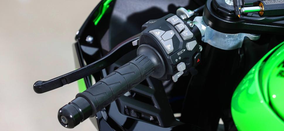 Электроника мотоцикла управляется при помощи новой 4,3-дюймовой полноцветной TFT-панели с переключаемым фоном (чёрным/белым) и двумя режимами, гоночным и дорожным. Дисплей отображает обычные для приборные панели показания типа спидометра, тахометра, передачи, а кроме того, обеспечивает беспроводную связь по Bluetooth со смартфоном для совместной работы с приложением Kawasaki Rideology, в котором отображаются расширенные параметры вплоть до даты последнего ТО и напоминания о грядущей замене масла.
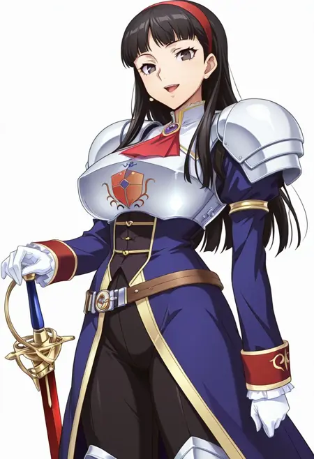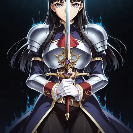 ascot,brooch,white gloves,juliet sleeves,corset,frills,black pants,jewelry,long sleeves, armor,sword,weapon,belt,breastplate,armored blue dress,armored boots,shoulder pad,
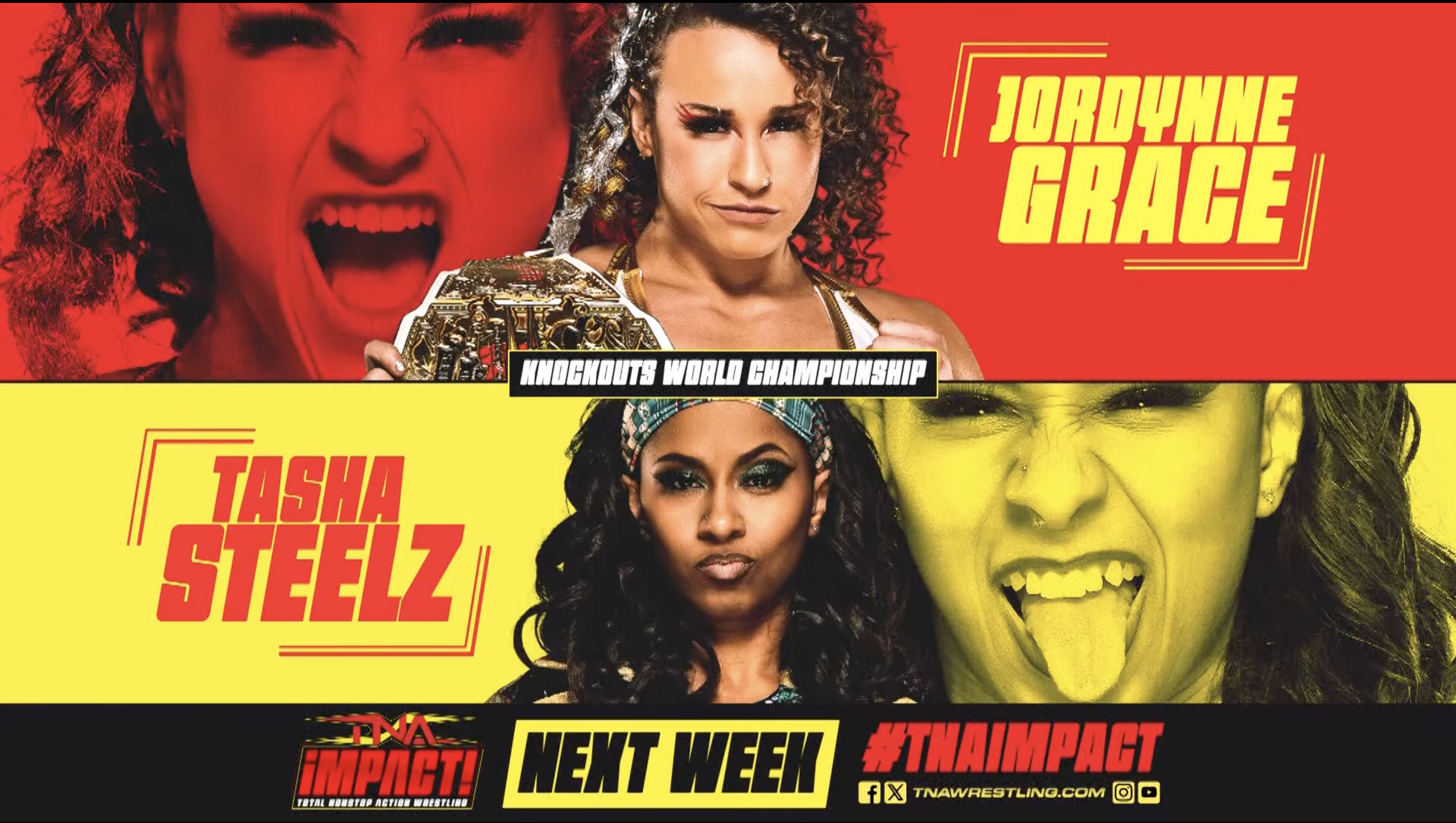 - TNA Knockouts Champion Jordynne Grace defends against Tasha Steelz
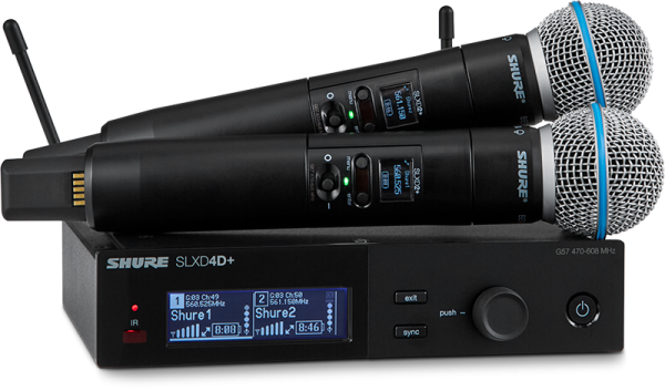 Le SLXD24D+E-Beta 58-G65 est un système sans fil numérique UHF 2 canaux.
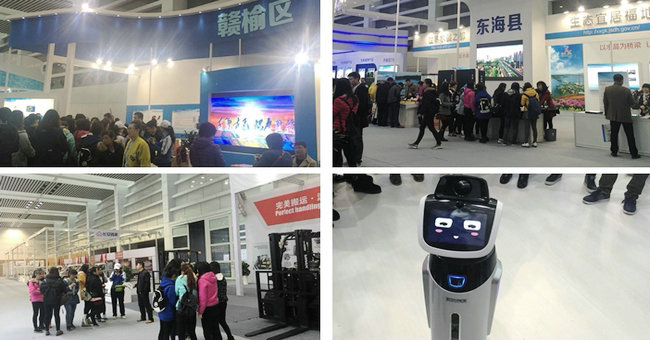 师生们刚一进入1号馆区,映入眼帘的是“连云港港”这几个宏伟的大字,连云港港是“一带一路”的陆海交汇枢纽,同时也是新亚欧大陆桥东端起点。在此展区还有一个名叫“旺宝”的机器人,它不仅为大家解答了与连博会有关的专业知识,还与学生们聊天合影,引起一阵欢笑声。接下来参观了连云港的主要港区——徐圩新区和赣榆港区,“徐圩新区是国务院正式批准在连云港市设立国家东中西区域合作示范区的先导区,重点发展石化、精品钢、装备制造、节能环保、现代港口物流等五大主导产业;而赣榆港区是以为腹地经济发展和后方临港工业服务的综合性港区,以干散货、液体散货和散杂货运输为主。在1号馆区内,集中宣传连云港多式联运、连新亚、连新欧国际班列等独特优势和优惠政策。”参展负责员向同学们如是介绍道。
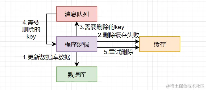 流程如下所示 (1)更新数据库数据; (2)删除缓存数据失败 (3)将需要删除的key发送至消息队列 (4)自己消费消息,获得需要删除的key (5)继续重试删除操作,直到成功
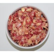 Složení 75 % celými kousky nasekaných kuřecích čtvrtek včetně kostí a 25 % játry.
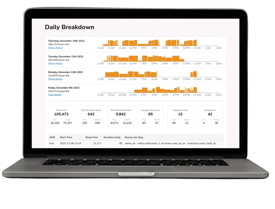 No more lost time trying to figure out productivity deltas between one shift to the next. Login and get the answers you need in minutes to help streamline your operation.
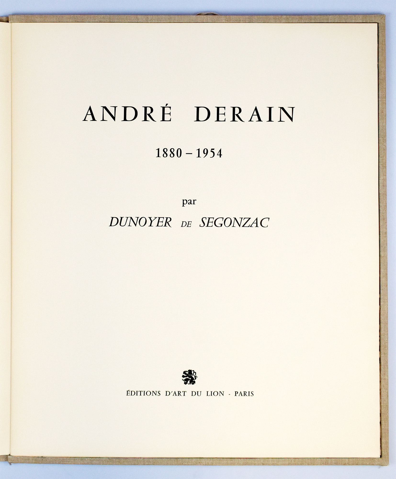 Derain, André – Dunoyer de Segonzac, André de: André Derain 1880 – 1954. Paris, Editions d’Art du Lion, 1962. Groß-2°. 63 x 51 cm. [12] Seiten auf einfach gefalzten Bögen und 12 Tafeln lose in Original-Leinenmappe mit Schleifenverschluss.
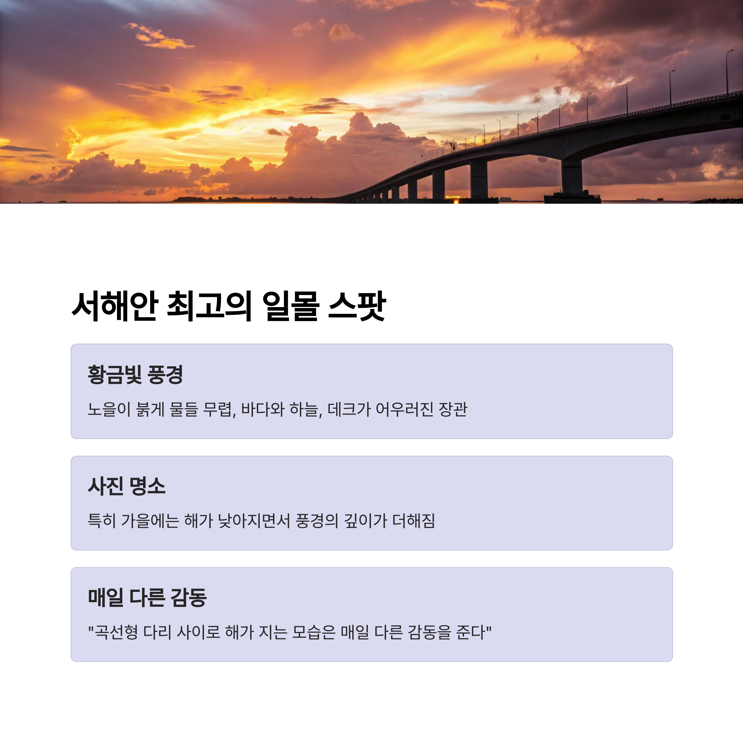이 글에서는 노을전망대의 구조와 주변 명소, 축제 정보까지 알차게 소개해드립니다.
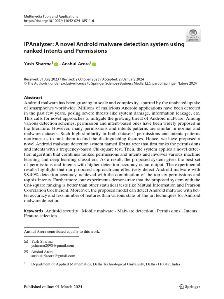 36. Lu T, Hou S (2018) A two-layered malware detection model based on permission for android. In: 2018
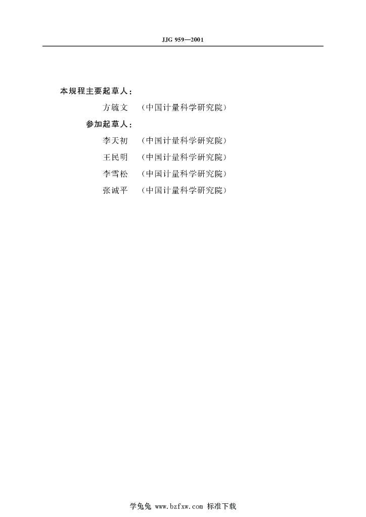 方毓文(中国计量科学研究院)、李天初(中国计量科学研究院)、王民明(中国计量科学研究院)、李雪松(中国计量科学研究院)、张诚平(中国计量科学研究院)
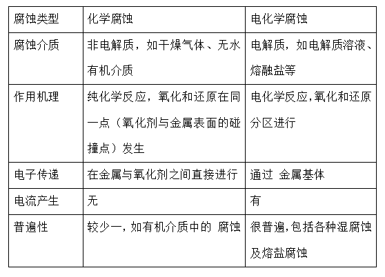 從化學(xué)反應(yīng)類型來(lái)看,無(wú)論化學(xué)腐蝕,還是電化學(xué)腐蝕都屬于氧化一還原反應(yīng),這是兩類腐蝕的共同之處。但是,兩者間的區(qū)別主要是金屬和氧化劑之間的作用機(jī)理不同,具體可歸納列于表:
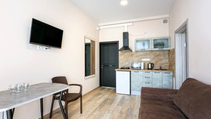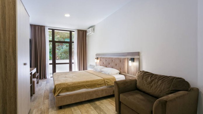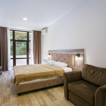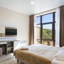Два номера «Комфорт», 1-комнатные с балконами, расположены на 2 и 3 этажах, площадь 26 кв.м, гостей 2+1.
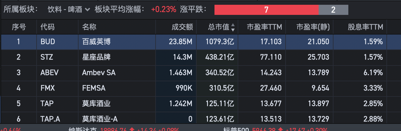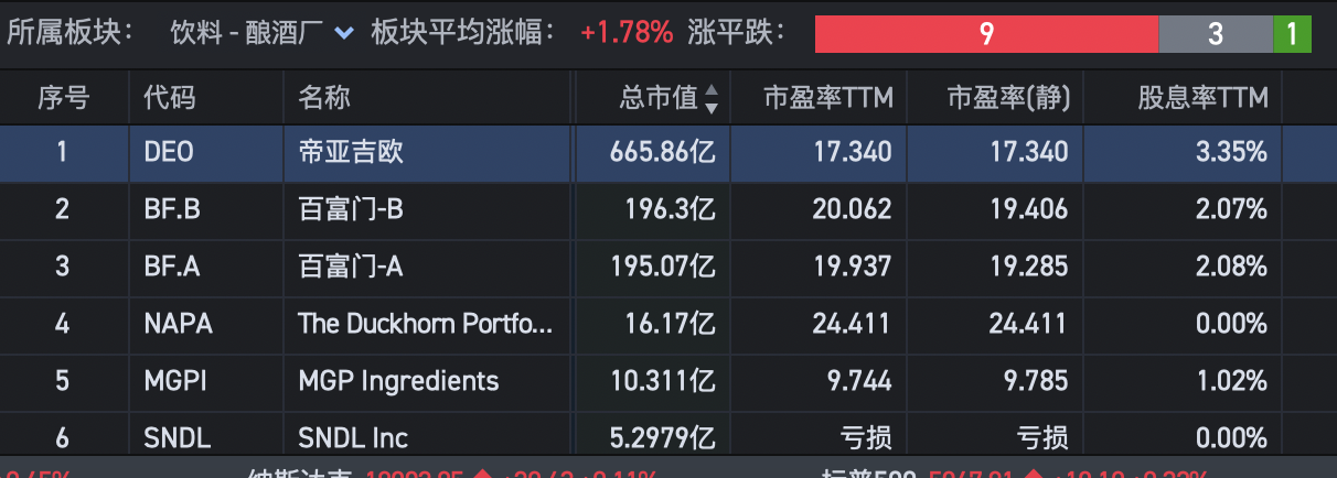 第二个酒类,帝亚吉欧我看到的数据是17倍PE,不知道你的数据源是哪里。另外一个典型的啤酒代表百威英博,21倍PE。
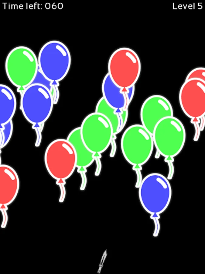 The aim of the game is to shoot all the colored balloons with a knife. Tap to the balloon you want to pop.
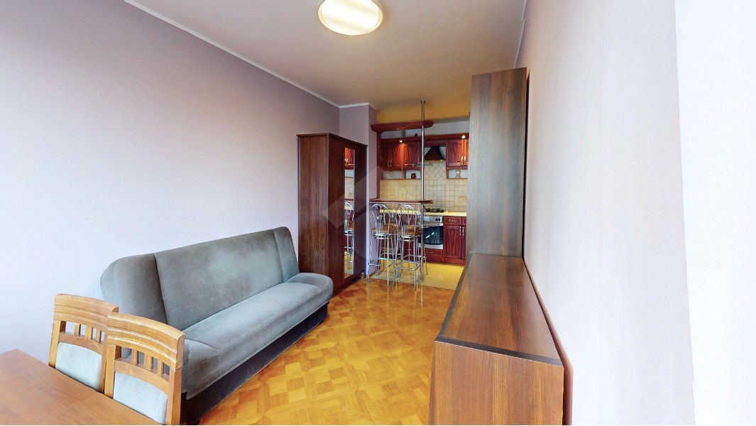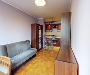 Mieszkanie gotowe do zamieszkania, wykończone w funkcjonalnym i praktycznym standardzie. W pokojach na podłodze znajduje się parkiet, natomiast w części kuchennej oraz w łazience położone są kafle. We wszystkich pomieszczeniach zamontowano okna PCV. Salon z aneksem kuchennym stanowi komfortową strefę dzienną. Z salonu znajduje się wyjście na balkon, który zapewnia dodatkową przestrzeń do wypoczynku. Kuchnia wyposażona jest w niezbędny sprzęt AGD: piekarnik, płytę gazową oraz lodówkę. Łazienka została wyposażona w prysznic oraz pralkę.
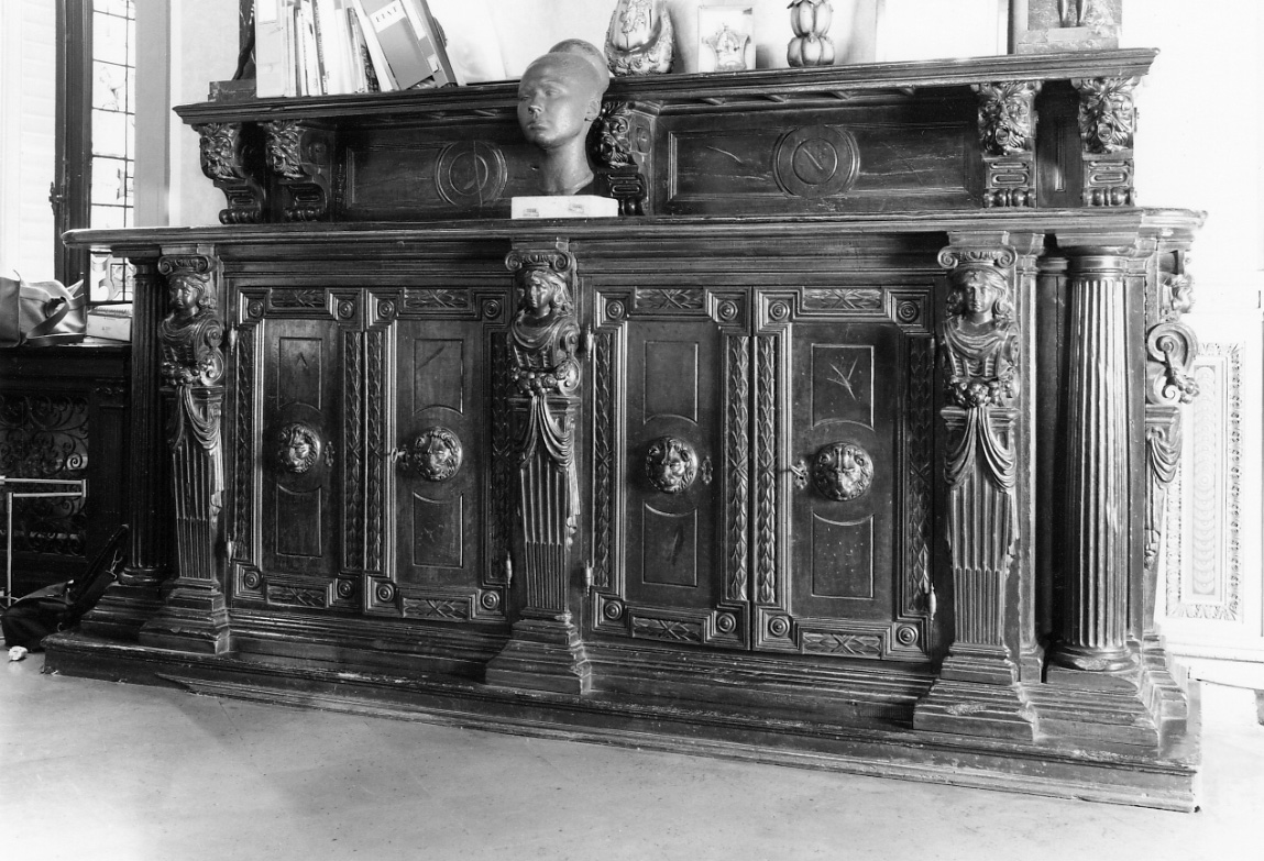 - NOTIZIE STORICO CRITICHE La credenza fa parte della serie di arredi che vennero acquistati, con delibera del luglio 1940, dalla Provincia di Torino a seguito dell'acquisizione di Palazzo Dal Pozzo della Cisterna, fino a tale data proprietà di Casa Savoia-Aosta. Nell'elenco topografico è indicata una "grande credenza" che potrebbe riconoscersi nell'esemplare in esame, stimata per L. 4000 e collocata nella "Camera da pranzo". Si tratta di uno dei pochi arredi che non andarono venduti durante le numerose tornate d'asta che, nella prima metà del Novecento, portarono alla dispersione della mobilia originale del palazzo, benché non più collocato nell'ambientazione originale, come dimostrato da alcune fotografie d'epoca, pubblicate nel catalogo d'asta edito nel 1932 dalla Galleria Dante Giacomini, ove si individuano mobili simili a quello in esame sia per tipologia che per decorazione, Catalogo delle collezioni private d'arte appartenute a S.A.R. Emanuele Filiberto di Savoia Duca d'Aosta, Galleria Dante Giacomini, Roma, 1932, tav. IV. La credenza, infatti, fa parte della serie di arredi commissionati dal duca en suite con la decorazione in stile neorinascimentale da lui voluta che trasformò il volto del palazzo settecentesco. In alternativa alla preferenza accordata alla cultura figurativa del XV/XVI secolo, compaiono, spesso, specie per mobili destinati a sale da pranzo o biblioteche, secondo una precisa codificazione tardo ottocentesca, imitazioni di elementi di arredo risalenti alla seconda metà del Seicento, che si inseriscono nell'ambito della caratteristica inclinazione della cultura ottocentesca al recupero degli stili storici, spesso connessi, nelle varie aree regionali, al richiamo di un passato glorioso. La tipologia della credenza in esame, infatti, rimanda proprio ad esemplari documentati in ambito lombardo nella seconda metà del Seicento, si vedano, per un confronto, alcuni esemplari conservati presso il Museo di Arti Applicate del Castello Sforzesco di Milano, E. Colle, Museo d'Arti applicate, mobili e intagli lignei, Milano, 1996, pp. 39-41, nn. 7,8. Pur non essendo state reperite precise note di pagamento che documentino la commissione degli arredi, coordinati, naturalmente, anche ad esemplari reperiti sul mercato antiquario, è noto da una guida commerciale della città di Torino che due studi fossero interessati, in quegli anni, da committenze da parte di Casa Savoia-Aosta, ovvero, quello di Carlo Albertoni e quello di Giuseppe Anguissola; inoltre, da un annuncio pubblicitario dei fratelli Mora di Milano risulta che anche i famosi mobilieri lombardi fossero tra i fornitori della famiglia ducale, Augusta Taurinorum. Torino illustrata nelle sue cose e nei suoi cittadini, Torino s.d. [ma 1902], pp. 256-258; E. Colle, Museo d'Arti applicate, mobili e intagli lignei, Milano, 1996, pp. 26-28

• • • • • • •

- WHAT IS REQUIRED:
Pictures are to be dropped, and every record is to be copied exactly.

- WRITTEN RESPONSE:
 Электроника мотоцикла управляется при помощи новой 4,3-дюймовой полноцветной TFT-панели с переключаемым фоном (чёрным/белым) и двумя режимами, гоночным и дорожным. Дисплей отображает обычные для приборные панели показания типа спидометра, тахометра, передачи, а кроме того, обеспечивает беспроводную связь по Bluetooth со смартфоном для совместной работы с приложением Kawasaki Rideology, в котором отображаются расширенные параметры вплоть до даты последнего ТО и напоминания о грядущей замене масла.
 ascot,brooch,white gloves,juliet sleeves,corset,frills,black pants,jewelry,long sleeves, armor,sword,weapon,belt,breastplate,armored blue dress,armored boots,shoulder pad,
 - TNA Knockouts Champion Jordynne Grace defends against Tasha Steelz
 Le SLXD24D+E-Beta 58-G65 est un système sans fil numérique UHF 2 canaux.
 师生们刚一进入1号馆区,映入眼帘的是“连云港港”这几个宏伟的大字,连云港港是“一带一路”的陆海交汇枢纽,同时也是新亚欧大陆桥东端起点。在此展区还有一个名叫“旺宝”的机器人,它不仅为大家解答了与连博会有关的专业知识,还与学生们聊天合影,引起一阵欢笑声。接下来参观了连云港的主要港区——徐圩新区和赣榆港区,“徐圩新区是国务院正式批准在连云港市设立国家东中西区域合作示范区的先导区,重点发展石化、精品钢、装备制造、节能环保、现代港口物流等五大主导产业;而赣榆港区是以为腹地经济发展和后方临港工业服务的综合性港区,以干散货、液体散货和散杂货运输为主。在1号馆区内,集中宣传连云港多式联运、连新亚、连新欧国际班列等独特优势和优惠政策。”参展负责员向同学们如是介绍道。
 流程如下所示 (1)更新数据库数据; (2)删除缓存数据失败 (3)将需要删除的key发送至消息队列 (4)自己消费消息,获得需要删除的key (5)继续重试删除操作,直到成功
 Složení 75 % celými kousky nasekaných kuřecích čtvrtek včetně kostí a 25 % játry.
 No more lost time trying to figure out productivity deltas between one shift to the next. Login and get the answers you need in minutes to help streamline your operation.
 Derain, André – Dunoyer de Segonzac, André de: André Derain 1880 – 1954. Paris, Editions d’Art du Lion, 1962. Groß-2°. 63 x 51 cm. [12] Seiten auf einfach gefalzten Bögen und 12 Tafeln lose in Original-Leinenmappe mit Schleifenverschluss.
이 글에서는 노을전망대의 구조와 주변 명소, 축제 정보까지 알차게 소개해드립니다.
 36. Lu T, Hou S (2018) A two-layered malware detection model based on permission for android. In: 2018
 方毓文(中国计量科学研究院)、李天初(中国计量科学研究院)、王民明(中国计量科学研究院)、李雪松(中国计量科学研究院)、张诚平(中国计量科学研究院)
 從化學(xué)反應(yīng)類型來(lái)看,無(wú)論化學(xué)腐蝕,還是電化學(xué)腐蝕都屬于氧化一還原反應(yīng),這是兩類腐蝕的共同之處。但是,兩者間的區(qū)別主要是金屬和氧化劑之間的作用機(jī)理不同,具體可歸納列于表:
Два номера «Комфорт», 1-комнатные с балконами, расположены на 2 и 3 этажах, площадь 26 кв.м, гостей 2+1.
 第二个酒类,帝亚吉欧我看到的数据是17倍PE,不知道你的数据源是哪里。另外一个典型的啤酒代表百威英博,21倍PE。
 The aim of the game is to shoot all the colored balloons with a knife. Tap to the balloon you want to pop.
 Mieszkanie gotowe do zamieszkania, wykończone w funkcjonalnym i praktycznym standardzie. W pokojach na podłodze znajduje się parkiet, natomiast w części kuchennej oraz w łazience położone są kafle. We wszystkich pomieszczeniach zamontowano okna PCV. Salon z aneksem kuchennym stanowi komfortową strefę dzienną. Z salonu znajduje się wyjście na balkon, który zapewnia dodatkową przestrzeń do wypoczynku. Kuchnia wyposażona jest w niezbędny sprzęt AGD: piekarnik, płytę gazową oraz lodówkę. Łazienka została wyposażona w prysznic oraz pralkę.
 - NOTIZIE STORICO CRITICHE La credenza fa parte della serie di arredi che vennero acquistati, con delibera del luglio 1940, dalla Provincia di Torino a seguito dell'acquisizione di Palazzo Dal Pozzo della Cisterna, fino a tale data proprietà di Casa Savoia-Aosta. Nell'elenco topografico è indicata una "grande credenza" che potrebbe riconoscersi nell'esemplare in esame, stimata per L. 4000 e collocata nella "Camera da pranzo". Si tratta di uno dei pochi arredi che non andarono venduti durante le numerose tornate d'asta che, nella prima metà del Novecento, portarono alla dispersione della mobilia originale del palazzo, benché non più collocato nell'ambientazione originale, come dimostrato da alcune fotografie d'epoca, pubblicate nel catalogo d'asta edito nel 1932 dalla Galleria Dante Giacomini, ove si individuano mobili simili a quello in esame sia per tipologia che per decorazione, Catalogo delle collezioni private d'arte appartenute a S.A.R. Emanuele Filiberto di Savoia Duca d'Aosta, Galleria Dante Giacomini, Roma, 1932, tav. IV. La credenza, infatti, fa parte della serie di arredi commissionati dal duca en suite con la decorazione in stile neorinascimentale da lui voluta che trasformò il volto del palazzo settecentesco. In alternativa alla preferenza accordata alla cultura figurativa del XV/XVI secolo, compaiono, spesso, specie per mobili destinati a sale da pranzo o biblioteche, secondo una precisa codificazione tardo ottocentesca, imitazioni di elementi di arredo risalenti alla seconda metà del Seicento, che si inseriscono nell'ambito della caratteristica inclinazione della cultura ottocentesca al recupero degli stili storici, spesso connessi, nelle varie aree regionali, al richiamo di un passato glorioso. La tipologia della credenza in esame, infatti, rimanda proprio ad esemplari documentati in ambito lombardo nella seconda metà del Seicento, si vedano, per un confronto, alcuni esemplari conservati presso il Museo di Arti Applicate del Castello Sforzesco di Milano, E. Colle, Museo d'Arti applicate, mobili e intagli lignei, Milano, 1996, pp. 39-41, nn. 7,8. Pur non essendo state reperite precise note di pagamento che documentino la commissione degli arredi, coordinati, naturalmente, anche ad esemplari reperiti sul mercato antiquario, è noto da una guida commerciale della città di Torino che due studi fossero interessati, in quegli anni, da committenze da parte di Casa Savoia-Aosta, ovvero, quello di Carlo Albertoni e quello di Giuseppe Anguissola; inoltre, da un annuncio pubblicitario dei fratelli Mora di Milano risulta che anche i famosi mobilieri lombardi fossero tra i fornitori della famiglia ducale, Augusta Taurinorum. Torino illustrata nelle sue cose e nei suoi cittadini, Torino s.d. [ma 1902], pp. 256-258; E. Colle, Museo d'Arti applicate, mobili e intagli lignei, Milano, 1996, pp. 26-28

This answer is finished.